Ovidio gioca astutamente sui timori e sospetti di Medea per creare una sorta di ironia nei confronti del personaggio.
Il livello di consapevolezza di auctor e lettore sono superiori rispetto quello del personaggio.

Occidat= composto di ob- poi si adegua a cado- poi c’è occido.

Ut timeam= ut consecutivo

Vv 46-49
Tuta= predicativo preferito a Medea.

Medea fa delle autoesortazioni rivolte quindi a se stessa.

Pelle= imperativo del verbo pello

Accingere= imperativo verbo accingo. Si tratta di un imperativo di forma passiva, non attiva. Nel caso della terza
cong hanno la presenza di -re. Accingo è un composto del verbo -cingo che si usa in caso di armi ecc. in questo
senso assume valore metaforico assume il sig di ‘accingersi a fare qualcosa’ = questo sig avviene in forma passiva in
latino. Si tratta di un medio-passivo: il verbo accingor significa compiere l’atto di mettersi qualcosa addosso, quindi è
un atto che il corpo subisce ma comunque fatto da me. Il medio passivo si puo tradurre in italiano con il riflessivo. Per
esempio, il verbo movere vuol dire anche nel senso di muovere qualcosa. Ma ad esempio moveor vuol dire sì sono
mosso, però puo voler dire anche ‘mi muovo’ se non c’è un agente. Se io dico moveor e non me moveo voglio
sottolineare il fatto che il mio movimento non è totalmente volontario ma quasi volontario, riflessivo. Il fatto del medio
passivo è dove nasce l’azione.

Mora= tempo che ti fa tardare

Debeo= verbo fortw in latino. Chi deve qualcosa. Nel caso di Giasone egli dovra a Medea la sua stessa salvezza.
Medea sa gia che dovra intervenire a salvarlo nelle sue prove.

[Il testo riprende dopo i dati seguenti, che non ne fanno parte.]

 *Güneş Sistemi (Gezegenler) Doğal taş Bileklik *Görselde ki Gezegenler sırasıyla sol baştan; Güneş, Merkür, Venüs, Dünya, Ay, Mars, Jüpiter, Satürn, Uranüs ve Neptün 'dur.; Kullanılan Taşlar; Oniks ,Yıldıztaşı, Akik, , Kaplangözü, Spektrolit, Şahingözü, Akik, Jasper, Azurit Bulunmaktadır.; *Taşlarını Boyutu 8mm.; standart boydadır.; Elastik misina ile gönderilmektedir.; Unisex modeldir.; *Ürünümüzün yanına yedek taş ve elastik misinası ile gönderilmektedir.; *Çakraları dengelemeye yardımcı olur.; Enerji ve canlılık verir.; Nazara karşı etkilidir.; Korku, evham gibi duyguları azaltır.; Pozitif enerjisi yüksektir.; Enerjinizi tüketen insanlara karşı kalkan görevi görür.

Iungo= si unirà con te in matrimonio. Medea sogna un matrimonio romano

Perque = moto per luogo.

Celebràbere = troviamo la stessa desinenza re del passivo, ma non è ovviamente un imperativo ma un futuro semplice
passivo; il verbo è -celebro. È chiaro che la forma standard è -celebraberis -re è una desinenza alternativa risperro a
-ris che in poesia si usa molto spesso. Qui c’è bisogno di tenere una sillaba -re aperta per questioni di esametro. Il
poeta ha scelto questa forma meno diffusa ma molto utile in poesia. =sarai celebrata come sua salvatrice dalla folla
delle madri. Medea immagina il momento in cui lei e Giasone torneranno in grecia, in festa nel momento in cui si
potra celebrare il matrimonio. Pesasgas= nome etnico, indica la popolazione di provenienza.
Se= oggetto del verbo debedit. È riflessivo. Il debito di Giasone è costituito da lui.

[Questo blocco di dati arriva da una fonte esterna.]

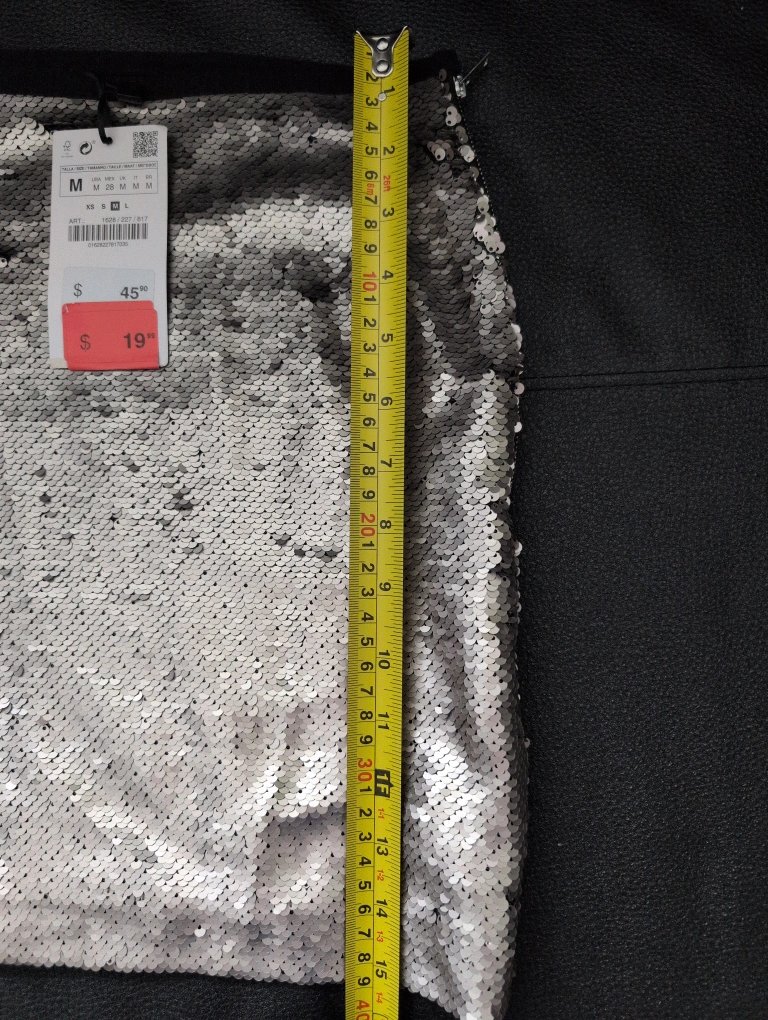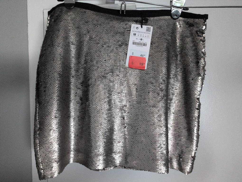 Zara Basic Silver Sequin Mini Skirt - Size M

L’incipit di questa autoallocuzione di Medea *quid tuta times* ricorda un passo dell’eneide, quarto libro. didone
presagì il tradimento di enea *omnia tuta timens*. Ci si focalizza molto sullo stato d’animo di didone. È quasi una
citazione diretta che Ovidio fa del quarto dell’eneide.

Vv 51-56
Ablata= deriva da aufero. Con la fricativa -f i preverbi subiscono trasformazioni particolare. Ablata= portata via.

Quindi Medea da una parte desidera di andare con Giasone, dall’altra pensa che dovra lasciare tutti i suoi familiari. In
latino non ci sono i possessivi, ma dovremmo inserirli. Il latino usa molto poco i possessivi, quando li usa li usa in
senso molto premiante. Il meus latino ha un valore attivo. Viene risparmiato in casi come questi in cui è evidente che
con la madre, sorella ecc c’è un legame affettivo. Noi invece in italiano lo mettiamo quindi sarebbe bene inserirlo nella
traduzione. Il latino economizza piu dell’italiano i possessivi.

Medea dubita del suo futuro

Relinquam= congiuntivo indipendente dubitativo. Si usa molto in queste situazioni. È sempre accompagnato in una
situazione comunicativa in cui emerge un dubbio vero.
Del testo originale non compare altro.